Asia, Phl get respite amid tailwinds

Moody’s Analytics expects better data from China for its August performance

Keeping market steady Bangko Sentral ng Pilipinas Governor Felipe M. Medalla convened the Financial Stability Coordination Council as the new chairman of the Council. In the meeting, Medalla (third from left) is flanked by Insurance Commission Commissioner Dennis Funa (second from right), Securities and Exchange Commission chairperson Emilio Aquino (third from right), and Philippine Deposit Insurance Corporation President Roberto Tan (second from left), who are members of the FSCC Executive Committee. Also present are Finance Undersecretary Zeno Ronald Abenoja (left) and BSP Senior Assistant Governor Johnny Noe Ravalo (right). | Photograph courtesy of BSP

After experiencing unprecedented volatility from the Ukraine war, runaway inflation, rising petroleum prices, and the Federal Reserve’s hawkish stance, Asia-Pacific economies appear to be getting some respite as tailwinds emerge.

In its weekly Asia-Pacific Economic Review, Moody’s Analytics expects better data from China for its August performance, which will be “softer than in July for all except retail sales.”

“China will release a suite of activity data for August, including industrial production, retail sales, and fixed-asset investment,” Moody’s Analytics said. In addition, it said that the private sector infrastructure investment remains weak because of China’s zero-Covid policy.

“Infrastructure spending is ramping up, and this will provide some relief later this year and into 2023,” Moody’s added about China’s prospects.

The research and consulting group expects Australia’s unemployment rate to remain stable at 3.4 percent for August “as job vacancies have soared and the number of overseas workers has remained soft.”

Australia’s labor force contracted in August, and a further decline in August could suggest a turning tide for the labor market, Moody’s Analytics went on to say.

On the other hand, New Zealand’s economy is expected to expand by 1.4 percent quarter-on-quarter in June after declining in the larch quarter. Net exports are likely to again weigh on GDP because services exports have yet to improve meaningfully.

Positive outlook remains

Moody’s Analytics said, “Meanwhile, an increase in petrol imports in the quarter due to the closure of New Zealand’s last refinery will dampen growth. New Zealand’s strong consumer sector and the start of new infrastructure projects will support GDP.”
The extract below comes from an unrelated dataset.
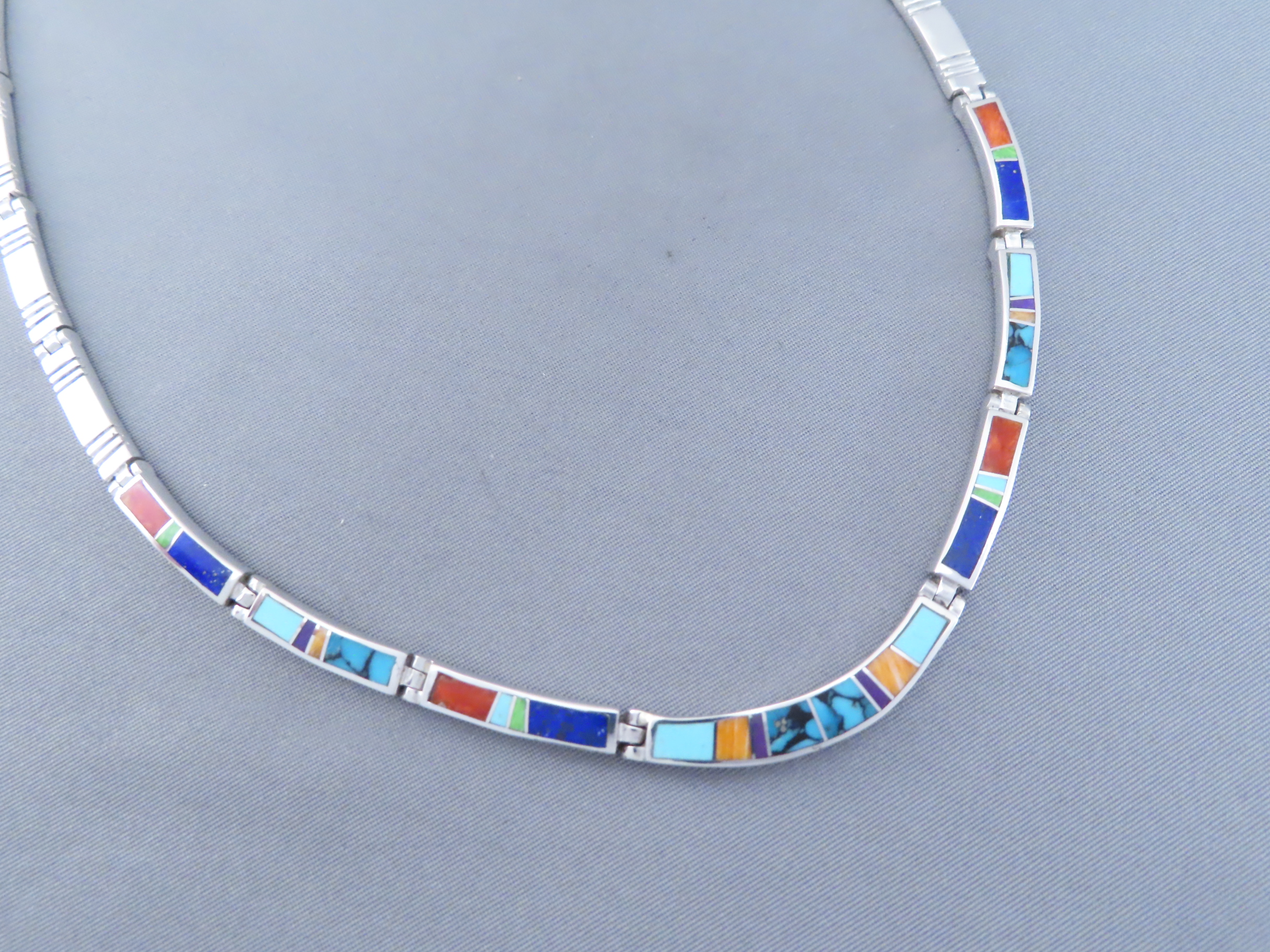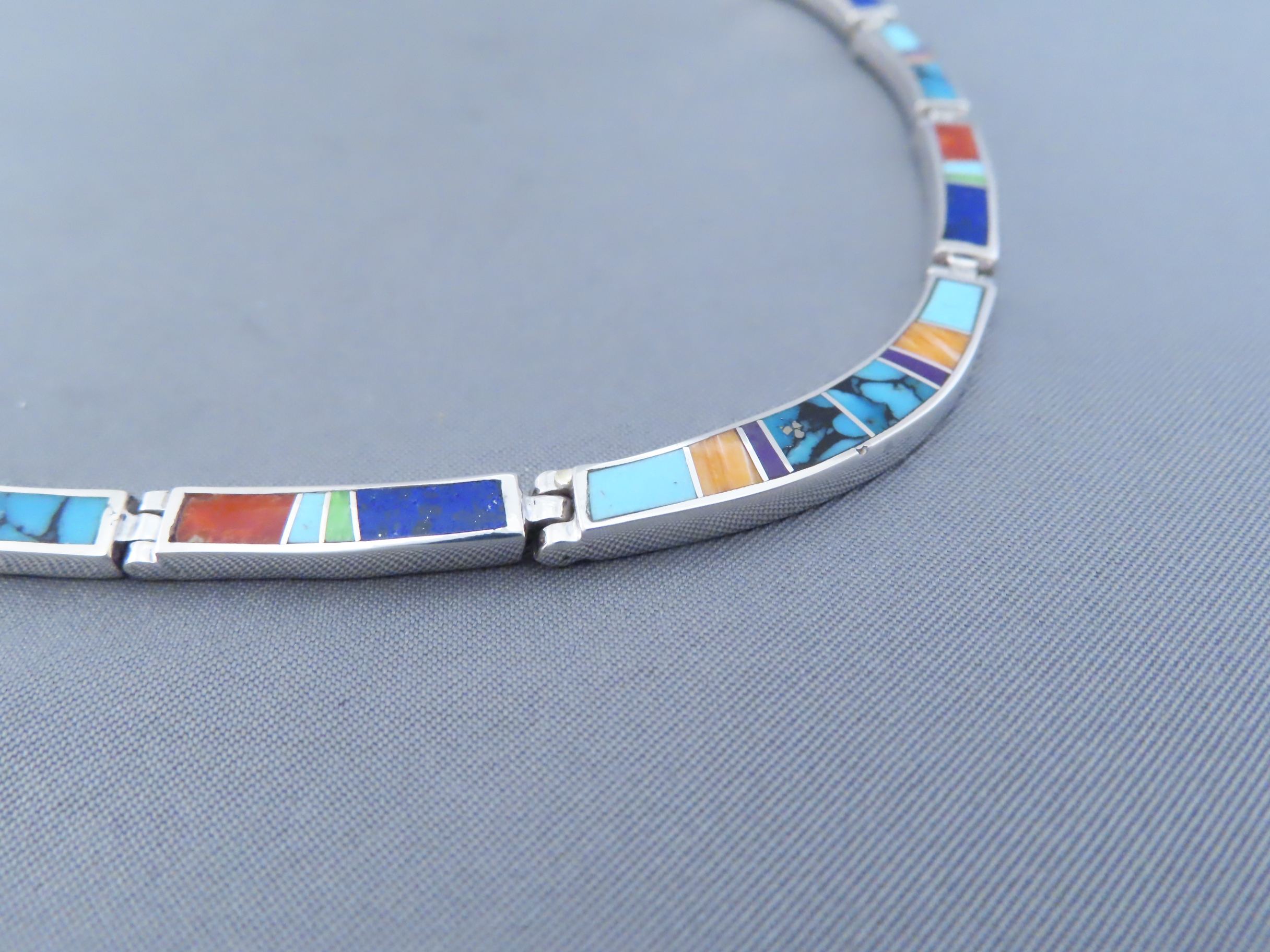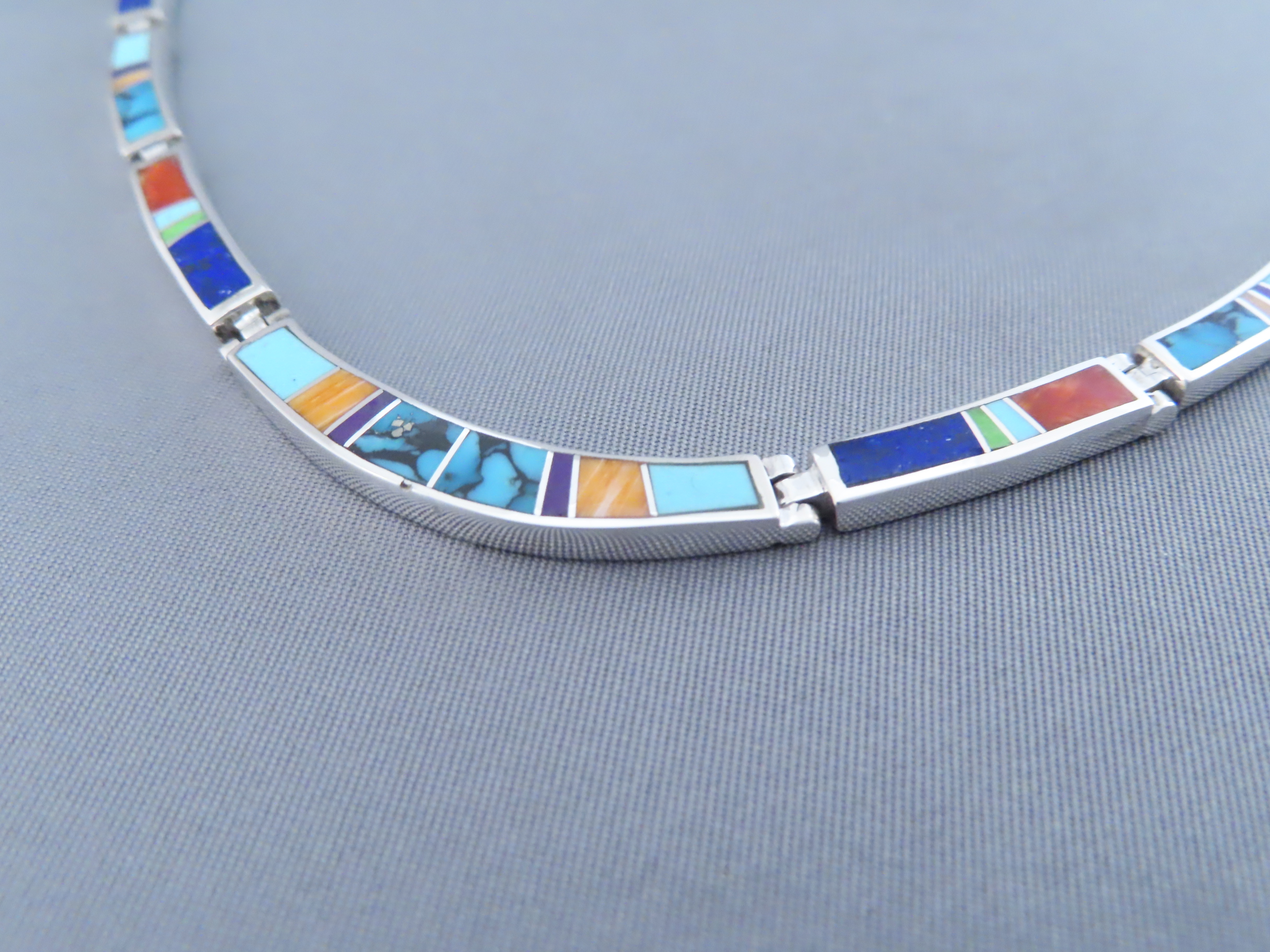 Colorful Inlay Necklace!  Sterling silver inlay necklace with beautifully inlaid Turquoise, Lapis, Spiny Oyster, Sugilite, and Gaspeite stones.  Lovely necklace made by Navajo jewelry artist, Charles Willie.  VERY nicely designed multi-color inlay necklace!

Moody’s also painted a positive outlook for the Philippines after industrial production rose 2.5 percent year-on-year in July, supported by growth in non-electrical machinery and equipment, fabricated metal, and bamboo and wood.

Headline inflation also eased slightly to 6.3 percent year-on-year in August as petroleum prices eased.

However, the foreign trade deficit for goods widened to a record $55.9 billion in July due to a substantial increase in imports, while exports slumped.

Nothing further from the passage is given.